We did a big update, as I mentioned previously, and after the update I found out some of the graphic cards were not anymore supported by the newest NVIDIA drivers for CentOS x64, at this moment NVIDIA-Linux-x86_64-418.43.run. This may make some sense, since the Quadro 4000 was released in November 2010, but on the other hand it is a perfectly fine graphic card able to do 3D and hook up to 3 monitors. In principle I don’t like to throw away working hardware…unless requested to do so 🙂
I experienced all these symptoms depending on what I do:
- you seem to have the drivers running but there is no output of nvidia-smi
- you get an output that tells you that there is no device compatible.

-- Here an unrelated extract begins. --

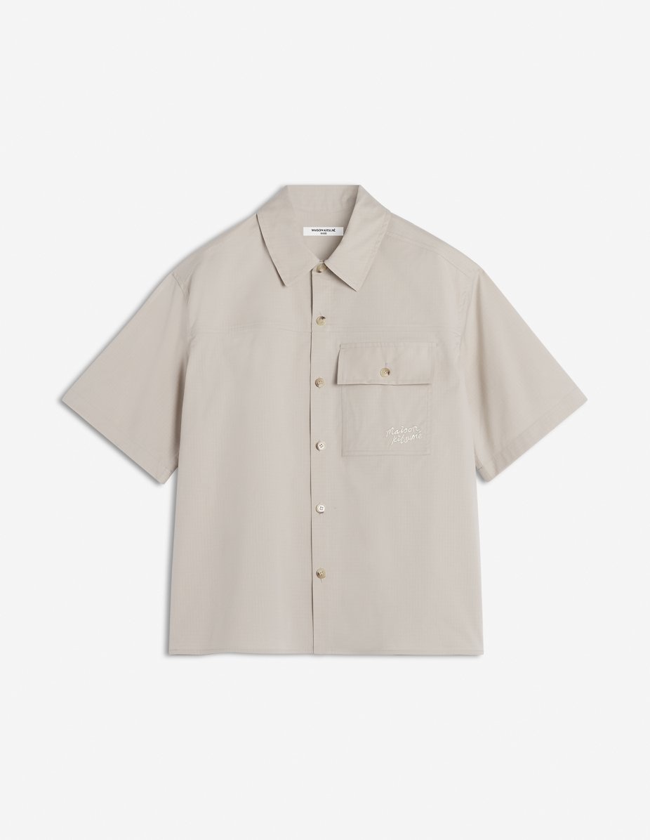 DETAILS Short sleeve shirt in cotton ripstop. Boxy cut with Maison Kitsune Handwriting signature embroidered. - Cotton ripstop shirt - Boxy cut - Shirt collar - Button closure - Patch chest pocket with button flaps - Maison Kitsune Handwriting signature embroidered on the pocket - Short sleeves OM00429WW9020-0119 SIZE & CUT Cut: BOXY Sizing: MEN The male model is 11 and is wearing size M MATERIAL 67% COTTON, 33% POLYESTER TRACEABILITY Made in Portugal

- there’s an ouput from nvidia-smi but GDM crashes
Sample GDM crash on my client “tiny” looks like this:
systemctl status gdm ● gdm.service - GNOME Display Manager Loaded: loaded (/usr/lib/systemd/system/gdm.service; enabled; vendor preset: enabled) Active: active (running) since XXX; 52s ago Process: 24578 ExecStartPost=/bin/bash -c TERM=linux /usr/bin/clear > /dev/tty1 (code=exited, status=0/SUCCESS) Main PID: 24575 (gdm) CGroup: /system.slice/gdm.service └─24575 /usr/sbin/gdm XXX tiny systemd: Starting GNOME Display Manager... XXX tiny systemd: Started GNOME Display Manager. XXX tiny gdm: GdmDisplay: display lasted 0.093784 seconds XXX tiny gdm: GdmDisplay: display lasted 0.031349 seconds XXX tiny gdm: GdmDisplay: display lasted 0.017635 seconds XXX tiny gdm: GdmDisplay: display lasted 0.016253 seconds XXX tiny gdm: GdmDisplay: display lasted 0.016001 seconds XXX tiny gdm: GdmDisplay: display lasted 0.017770 seconds XXX tiny gdm: GdmLocalDisplayFactory: maximum number of X display failures reached: check X server log
Above, XXX corresponds to the date. We check the X server log as suggested. It reads:
root@tiny ~ ## > tail /var/log/Xorg.0.log [ 344.316] ==== WARNING WARNING WARNING WARNING ================ [ 344.316] This server has a video driver ABI version of 24.0 that this driver does not officially support. Please check http://www.nvidia.com/ for driver updates or downgrade to an X server with a supported driver ABI. [ 344.316] ===================================================== [ 344.316] (EE) NVIDIA: Use the -ignoreABI option to override this check. [ 344.316] (II) UnloadModule: "nvidia" [ 344.316] (II) Unloading nvidia [ 344.316] (EE) Failed to load module "nvidia" (unknown error, 0) [ 344.316] (EE) No drivers available.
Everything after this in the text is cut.